¹ Department of AstronomyUniversity of Texas at Austin, 2515 Speedway, Stop C1400, Austin, TX 78712-1205, USA
e-mail: ivan@astro.as.utexas.edu
² Departamento de Astronomia do IAG/USP, Universidade de São Paulo; rua do Mãtao 1226, 05508-900 São Paulo, SP, Brasil
e-mail: jorge.melendez@iag.usp.br
³ Research School of Astronomy and Astrophysics, The Australian National University, Cotter Road, ACT 2611 Weston, Australia
e-mail: martin.asplund@anu.edu.au

Received: 28 August 2013
Accepted: 31 October 2013

Abstract

Context. Elemental abundance studies of solar twin stars suggest that the solar chemical composition contains signatures of the formation of terrestrial planets in the solar system, namely small but significant depletions of the refractory elements.

Aims. To test whether these chemical signatures of planets are real, we study stars which, compared to solar twins, have less massive convective envelopes (therefore increasing the amplitude of the predicted effect) or are, arguably, more likely to host planets (thus increasing the frequency of signature detections).

Methods. We measure relative atmospheric parameters and elemental abundances of two groups of stars: a “warm” late-F type dwarf sample (52 stars), and a sample of “metal-rich” solar analogs (59 stars). The strict differential approach that we adopt allows us to determine with high precision (errors ~0.01 dex) the degree of refractory element depletion in our stars independently of Galactic chemical evolution. By examining relative abundance ratio versus condensation temperature plots we are able to identify stars with “pristine” composition in each sample and to determine the degree of refractory-element depletion for the rest of our stars. We calculate what mixture of Earth-like and meteorite-like material corresponds to these depletions.

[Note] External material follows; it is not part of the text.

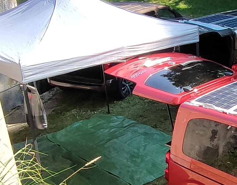 Multifunkční zadní stan k 5. výklopným dveřím k rozšíření „obytného“ prostoru krytého pevnou střechou (150×150 cm) nebo jako dílčí zástěna proti pohledům, dešti či sněhu. Dalšími možnostmi využití jsou funkce krycí plachty vozu proti přehřívání sluncem (světlá odrazová strana) nebo 3 samostatně nebo spojeně použitelné díly coby stínící prvky mimo auto (mezi stromy, stromy a auto atp.) Rychlá instalace (1-2 min), prostorová nenáročnost.

Results. We detect refractory-element depletions with amplitudes up to about 0.15 dex. The distribution of depletion amplitudes for stars known to host gas giant planets is not different from that of the rest of stars. The maximum amplitude of depletion increases with effective temperature from 5650 K to 5950 K, while it appears to be constant for warmer stars (up to 6300 K). The depletions observed in solar twin stars have a maximum amplitude that is very similar to that seen here for both of our samples.

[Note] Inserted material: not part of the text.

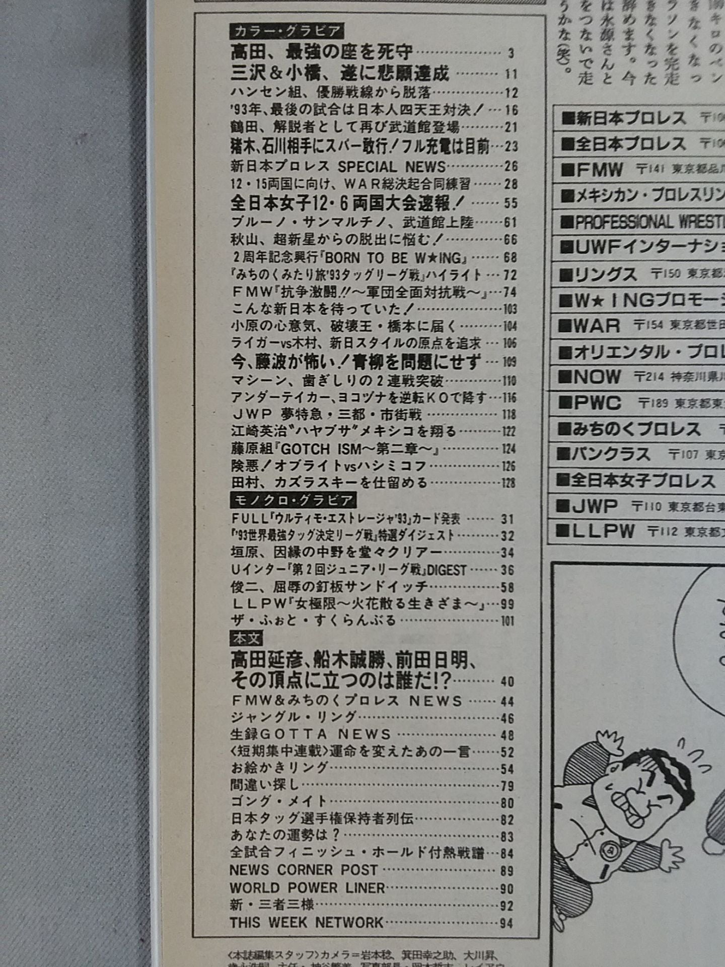1993年 真冬の神宮球場46817人を熱狂させた! 高田、皇帝戦士ベイダーを撃沈!! 表紙:高田伸彦vsビッグバン・ベイダー

Conclusions. Gas giant planet formation alone cannot explain the observed distributions of refractory-element depletions, leaving the formation of rocky material as a more likely explanation of our observations. More rocky material is necessary to explain the data of solar twins than metal-rich stars, and less for warm stars. However, the sizes of the stars’ convective envelopes at the time of planet formation could be regulating these amplitudes. Our results could be explained if disk lifetimes were shorter in more massive stars, as independent observations indeed seem to suggest. Nevertheless, to reach stronger conclusions we will need a detailed knowledge of extrasolar planetary systems down to at least one Earth mass around a significant number of stars.